Great Moments in Public Construction

The town in which I live is building a new auditorium and music instruction space at the local high school.  The current budget for the project is in the neighborhood of $40 million.  (That is not a typo; I really said forty million dollars is being spent on an auditorium.)  After doing supposedly exhaustive planning for the project, the town was surprised to discover that there was some contaminated soil at the construction site.  It took years to decide what to do about the contamination, but after a lengthy investigation of the soil conditions and a remediation effort, construction is finally underway.  Today, however, we heard that there is a new problem afflicting the project:  the groundwater is leaking into the excavation at its lowest point, the orchestra pit in the front of the auditorium.  The result will be another lengthy delay and cost increase.

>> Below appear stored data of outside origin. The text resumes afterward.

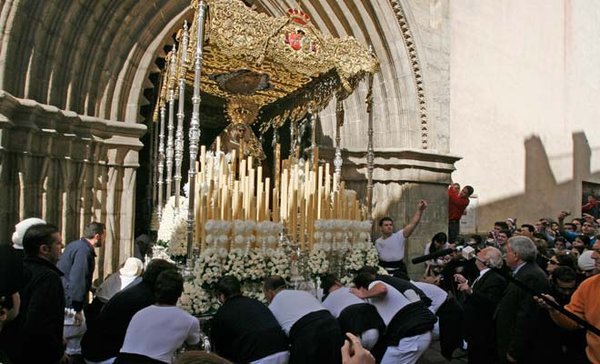 ¡Ah! se me olvidó deciros que el "paso" no debe tocar el suelo en ningun momento, se saca sosteniendolo a pulso, aparte de los costaleros que veis por fuera, debajo van 30 más de rodillas.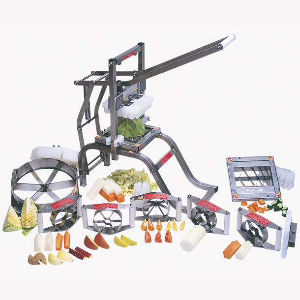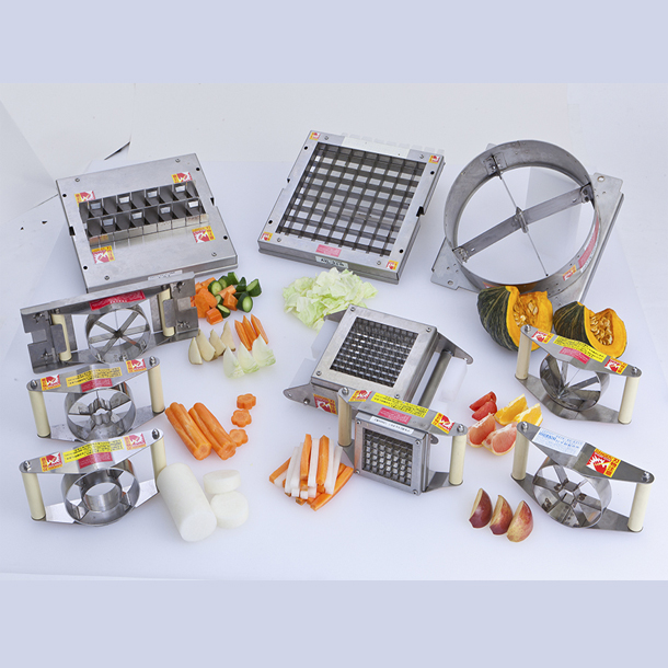 멀티 프레스 커터는 기존의 기계로 자르지 못했던 재료나 자르기 힘들었던 재료의 분할, 스틱, 깍뚜썰기, 둥글게 썰기, 꽃모양, 심빼기 분할 등에 최적인 다목적 커터입니다.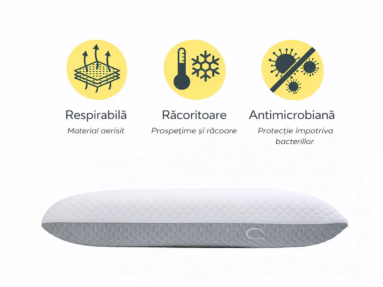 Prin urmare, perna reversibilă cu carbon din bambus și gel de răcire combină tehnologii avansate și materiale inovatoare pentru un somn confortabil.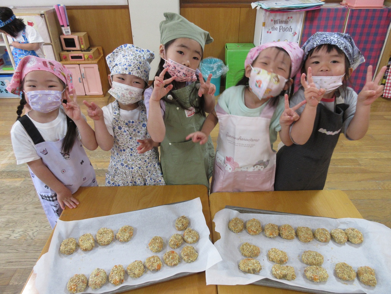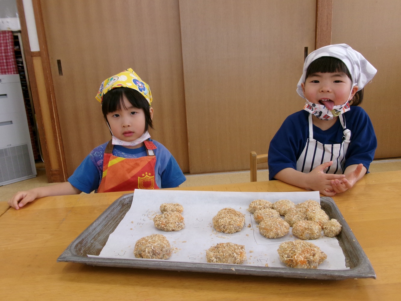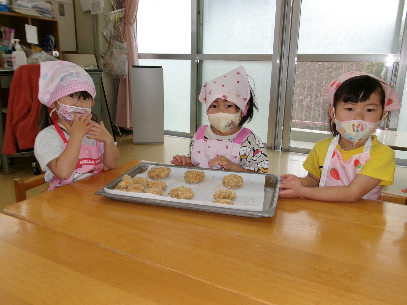 給食室で焼いてもらって給食の時に、おいしく頂きました。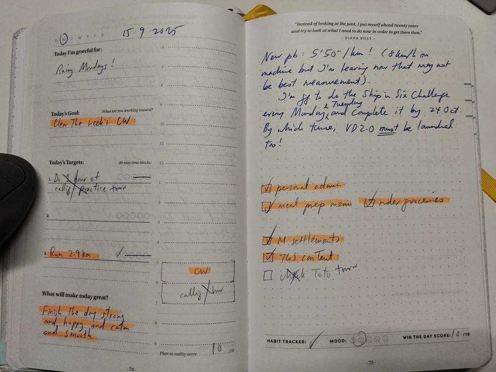 New running personal best: 5'50"/km! (8.0km/h on the machine but I'm learning now that may not be the best measurement). I'm going to make sure I do 6 consecutive days of exercise this week as well. It feels great, and I can already see the changes in my body.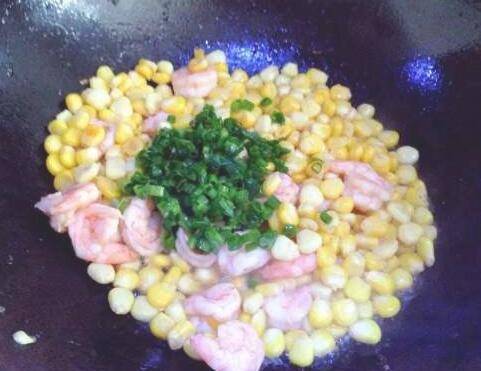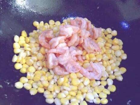 炒好玉米后,加入虾仁,翻炒均匀。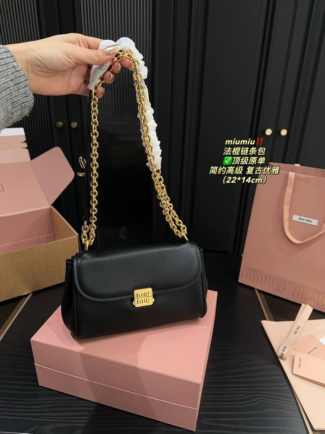 / 顶级原单 全套包装尺寸22.14 Miumiu 法棍链条包 Miu Miu女孩必备时髦包 新款腋法棍包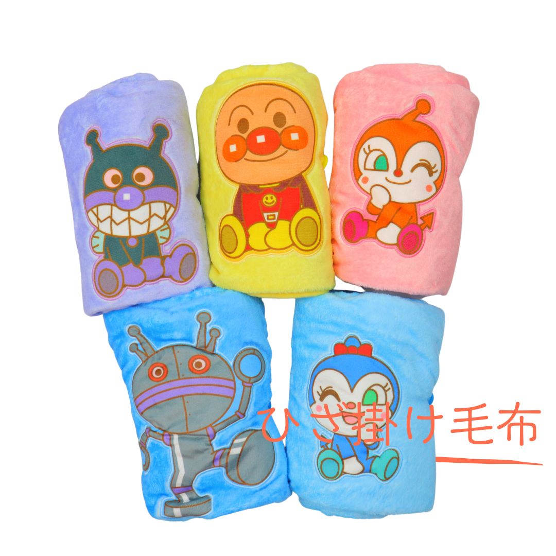 ふわふわの肌触りが心地いい、アンパンマンのコンパクトひざ掛け毛布です。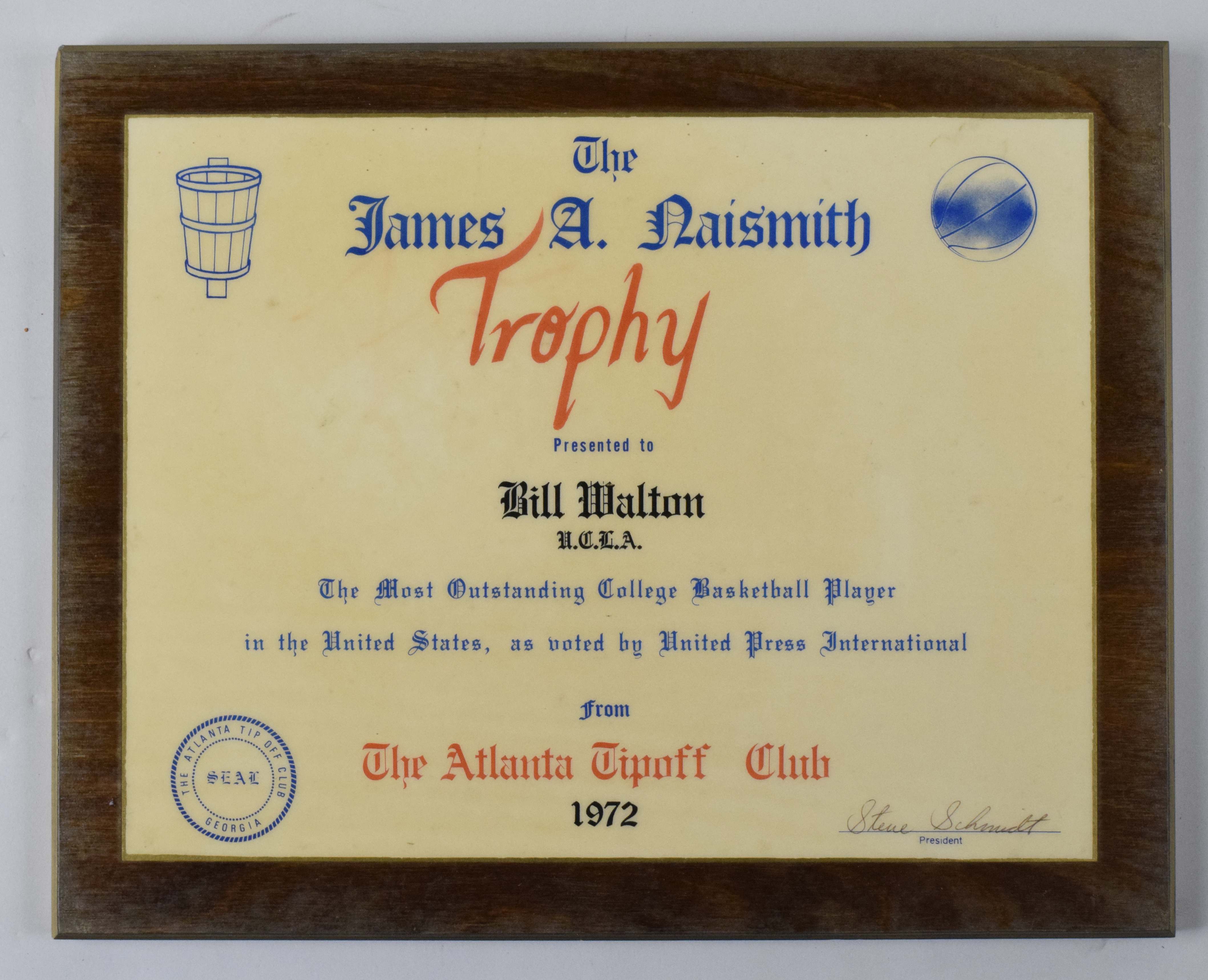 Description:Bill Walton 1972 Naismith Most Outstanding College Basketball Player award plaque (EX/MT). One of two issued (one to the player and one to the university), this significant 13"x16" wooden plaque was presented in recognition of having been named as the Most Outstanding College Basketball Player by the United Press International. The plaque is titled to Bill Walton, and he remains as one of only two players to be a 3-time winner of the award. Minor surface wear. Includes certificate of provenance from Walton Family: EX/MT
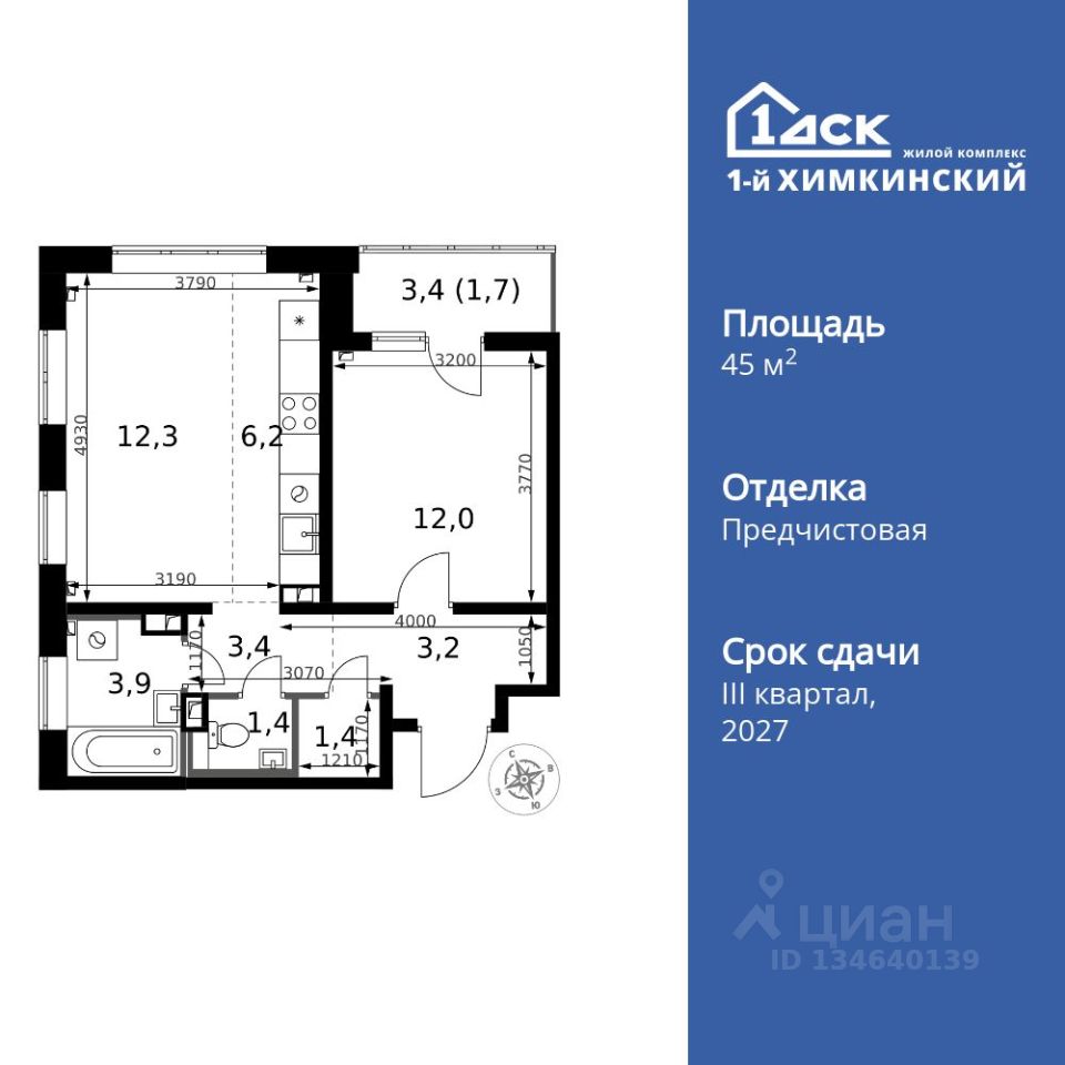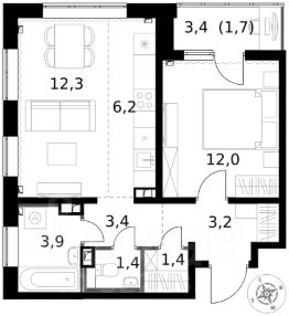 Продаётся 2-к квартира номер 12 общей площадью 45.5 кв.м. на 2-м этаже 17 этажного здания. Отделка Whitebox. Цена с учётом скидки.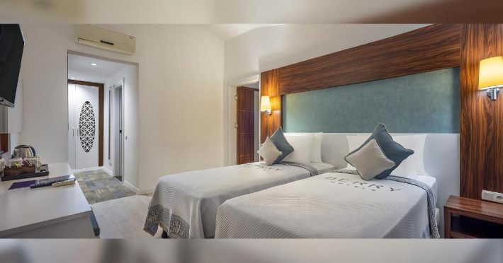 In camere există un aparat de aer condiționat. Clienții vor găsi un cadou de bun venit. Camerele au un pat „King size” sau o canapea. Pentru un pat suplimentar nu se percep taxe suplimentare. De asemenea, sunt disponibile un seif, un minibar și un birou. Echiparea de bază cuprinde de asemenea și un aparat pentru cafea/ceai. Clienții au parte de mai mult confort și datorită setului de călcat. In plus, există un telefon cu apelare directă, canale prin satelit, un radio și WiFi (gratuit). In cameră se găsesc și papuci de casă. In băi există o cădiță pentru bebeluși. In băi sunt disponibile un uscător de păr, halate de baie și telefonul pentru folosința zilnică. In plus, clienții se bucură in băi de articole de cosmetică și muzică de fundal. Mai stau la dispoziție și 2 camere adaptate pentru scaun rulant, cu baie fără bariere. Clubul oferă 18 camere de familie și 266 de camere de nefumători.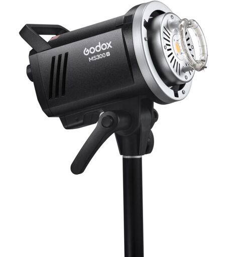 Godox MS300-V - Studioblitzgerät Nei dem MS300-V Studioblitzgerät handelt es sich um ein 300-Watt Blitzgerät mit einer Leitzahl von 53 und einer Farbtemperatur von 5600K mit Tageslichtbalance. Er hat eine Ladezeit von 0,1-1,8 Sekunden bei einer Blitzdauer von 1/2000 Sekunde.Die Leistung ist von 1/32 bis zur vollen Leistung in 50 Stufen einstellbar, während das 10-Watt-LED-Einstelllicht von 5 bis 100% einstellbar ist. Einstellbar sind alle Funktionen über Drucktasten auf der ...

If one needed to illustrate the inability of government to manage construction projects (or any other projects) well, this auditorium certainly fills the bill.  Look at the latest problem.  The construction is being done on a site for which extensive investigations were done of the subsurface conditions.  No proper discussion of underground contaminants could have been had without a full consideration of the impact of ground water on moving those contaminants.  That means that the town ought to have known more, by far, about ground water at the site than would normally be the case.  The engineers working for the town designed a water control system to prevent the ground water from seeping into the excavation, but that control system has failed.  It seems inconceivable that the actual ground water situation could have been a surprise to those engineers.  So how did we get to this failure with its time and cost effects inflicted on the project?  No one is saying.

The most likely outcome of this mess is that the town will just spend more to complete the project, the engineers who improperly designed the system or the contractor who built it improperly will be let off the hook, and the whole matter will be swept under the rug.  Ah the beauty of your tax dollars at work.